Member of the Michigan Senate from the 13th district
- In office March 23, 1999 – 2006
- Preceded by: Mike Bouchard
- Succeeded by: John Pappageorge

Member of the Michigan House of Representatives from the 41st district
- In office January 1, 1993 – 1998
- Preceded by: Michael Earl Nye
- Succeeded by: John Pappageorge

Member of the Michigan House of Representatives from the 68th district
- In office January 1, 1981 – 1992
- Preceded by: David L. Campbell
- Succeeded by: Dianne Byrum

Personal details
- Born: December 14, 1937
- Died: January 14, 2021 (aged 83)
- Party: Republican (until 2006)
- Spouse: Cliff
- Children: 2
- Alma mater: Oakland Community College Wayne State University Michigan State University

= Shirley Johnson =

American politician (1937–2021)

Shirley Johnson (December 14, 1937 – January 14, 2021) was an American politician who was a member of the Michigan Senate from 1999 to 2006.

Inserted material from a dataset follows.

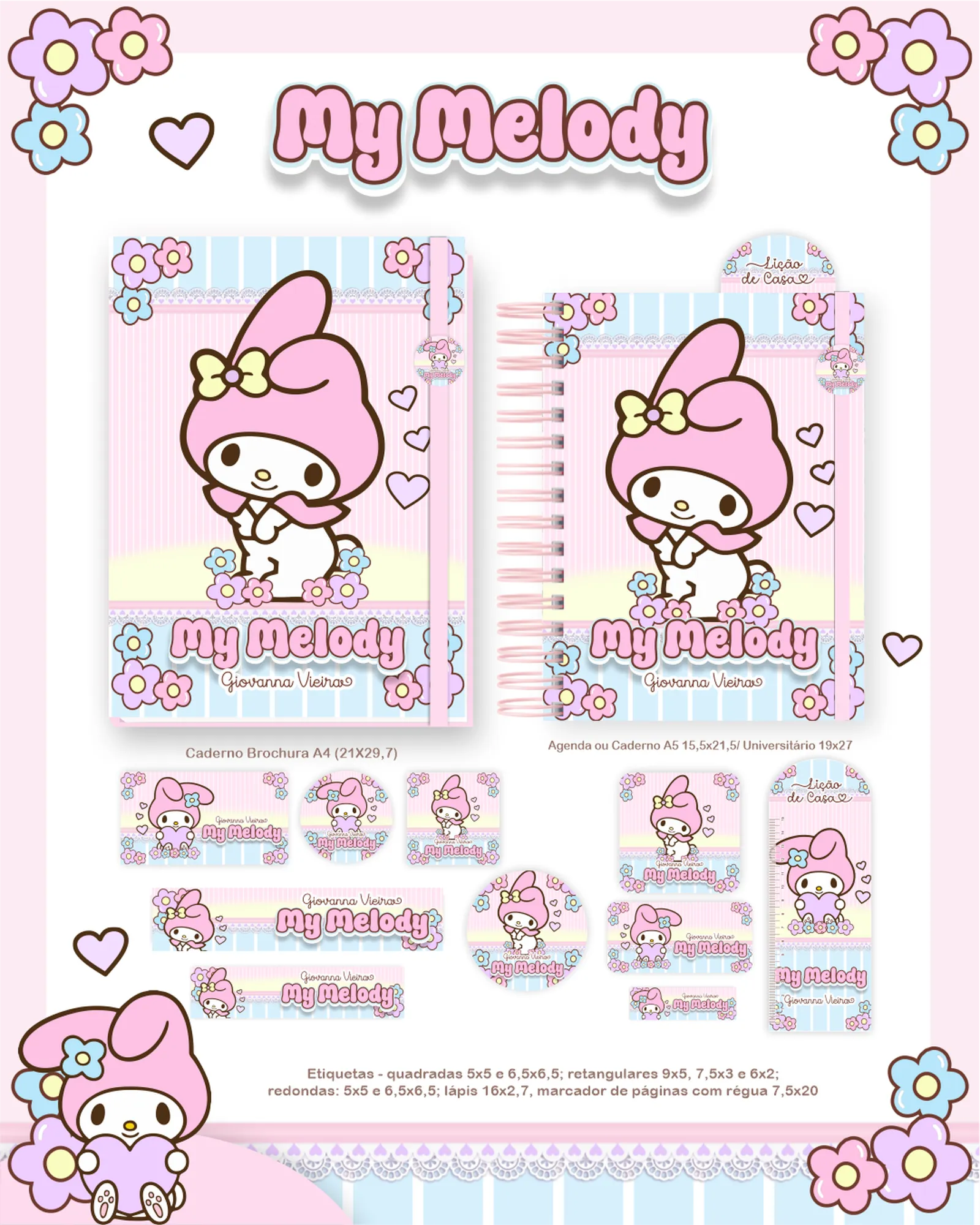 Este pacote digital exclusivo é perfeito para quem busca criar produtos personalizados e de alta qualidade com o tema My Melody! 🎀 Ele contém uma variedade de arquivos prontos para impressão e personalização, organizados para facilitar seu trabalho.

==Early life and education==
Johnson was born on December 14, 1937. She attended Oakland Community College and Wayne State University, and graduated from Michigan State University.

==Career==
On November 4, 1980, Johnson was elected to the Michigan House of Representatives where she represented the 68th district from January 14, 1981, to 1992. On November 3, 1992, Johnson was again elected to the Michigan House of Representatives where she represented the 41st district from January 13, 1993, to 1998. On March 16, 1999, Johnson was elected to the Michigan Senate in a special election after the resignation of Mike Bouchard. In the state senate, she represented the 13th district and served from March 23, 1999, to 2006. Johnson left the Republican Party after leaving the Michigan Legislature.

==Personal life==
Johnson married Cliff in 1957. Together they had two children. Johnson was a Presbyterian.